Friday, January 21

Naturalist Edward O. Wilson, ‘the lord of the ants’, dies at 92

Edward O. Wilson, biologist, naturalist and one of the most influential thinkers of our time, has died at the age of 92 in the city of Burlington in Massachusetts (USA). He was known as “Darwin’s natural heir” and affectionately “the lord of the ants” for his pioneering work as an entomologist.

The Foundation that bears his name has reported his death this past Sunday, December 26. EO Wilson (Alabama, 1929 – Massachusetts 2021), was an honorary doctorate from 40 universities, had received the National Medal of Science (United States), the International Prize for Biology (Japan) and the Crafoord Prize from the Royal Swedish Academy of Sciences, among other 130 recognitions to his career. In Spain, it was awarded the BBVA Foundation Frontiers of Knowledge Award in the category of Ecology and Conservation Biology in 2011.

“It would be difficult to underestimate Ed’s scientific achievements, but his impact extends to all facets of society. He was a true visionary with a unique ability to inspire and galvanize. He articulated, perhaps better than anyone, what it means to be human. His contagious curiosity and creativity have shaped the lives of many people, including my own, and I feel fortunate to have called him a friend, “said David J. Prend, Chairman of the Board of Directors of the EO Wilson Foundation for Biodiversity.

Emeritus Professor at Harvard University, from a very young age he cultivated his love for nature in the marshes and forests of Alabama and in Rock Creek Park in Washington DC He studied at the University of Alabama and, later, at Harvard University where he doctorate in entomology in 1955.

He participated in various expeditions to Cuba, Mexico, the South Pacific, Australia, Fiji, Sri Lanka and later Mozambique. In the 1960s he teamed up with the mathematician and ecologist Robert MacArthur to develop the theory of the equilibrium of species, which resulted in the book The Theory of Insular Biogeography, which has become a standard ecology text and the basis of the scientific principle of “balance of species”.
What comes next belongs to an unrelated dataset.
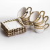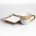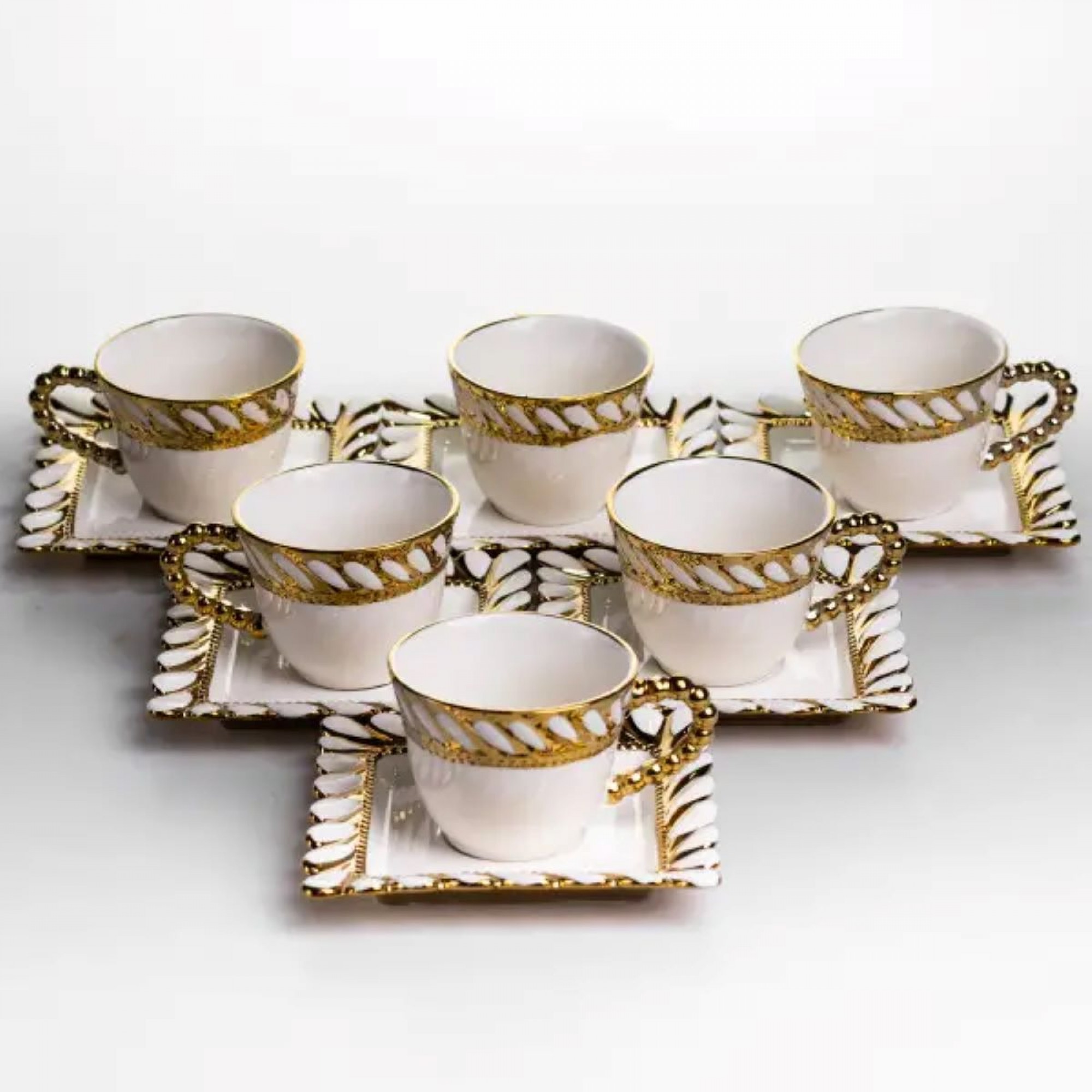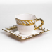 Набор чашек с блюдцами Tiffany на 6 персон подходит для подачи горячих напитков в ежедневном использовании или во время приема гостей. Объем каждой чашки 250 мл обеспечивает удобную порцию для чая или кофе, а квадратные блюдца размером 15×15 см добавляют практичности в сервировке. Чашки имеют диаметр 9 см и высоту 7,5 см, что делает их удобными для держания и использования. Комплект включает 6 чашек и 6 блюдец, что позволяет сразу сервировать стол для небольшой компании. Общий вес набора 2.8 кг обеспечивает устойчивость и ощущение полноценного фарфорового изделия. Край чашек и блюдец оформлен рельефным узором в виде переплетенного каната по периметру. Декор дополнен тонкой золотой окантовкой, которая подчеркивает форму каждого элемента. Сочетание квадратных блюдец с округлыми чашками создает выразительный, но сбалансированный вид в сервировке. Характеристики: Материал: фарфор Количество предметов: 12 (6 чашек + 6 блюдец) Объем чашки: 250 мл Диаметр чашки: 9 см Высота чашки: 7,5 см Размер блюдца: 15 × 15 см Форма блюдца: квадратная Вес набора: 2,8 кг

In 1978 he won his first Pulitzer Prize for publishing On human nature, which dealt with the role of biology in the evolution of human culture. In 1990 the second prize in non-fiction would arrive for Las ants, written with Bert Hölldobler. In 1994 he would publish his autobiography The Naturalist.

“I have thought about what the study of the social behavior of ants can contribute to the study of human behavior since I began to formulate the discipline of Sociobiology, in the seventies. Ants are the animals that have the most complex social structure, apart from us. His study has had an enormous influence on the study of human behavior, “stated Wilson upon receiving the FBBVA Award. “When we have sufficiently unified certain knowledge, we will understand who we are and why we are here.”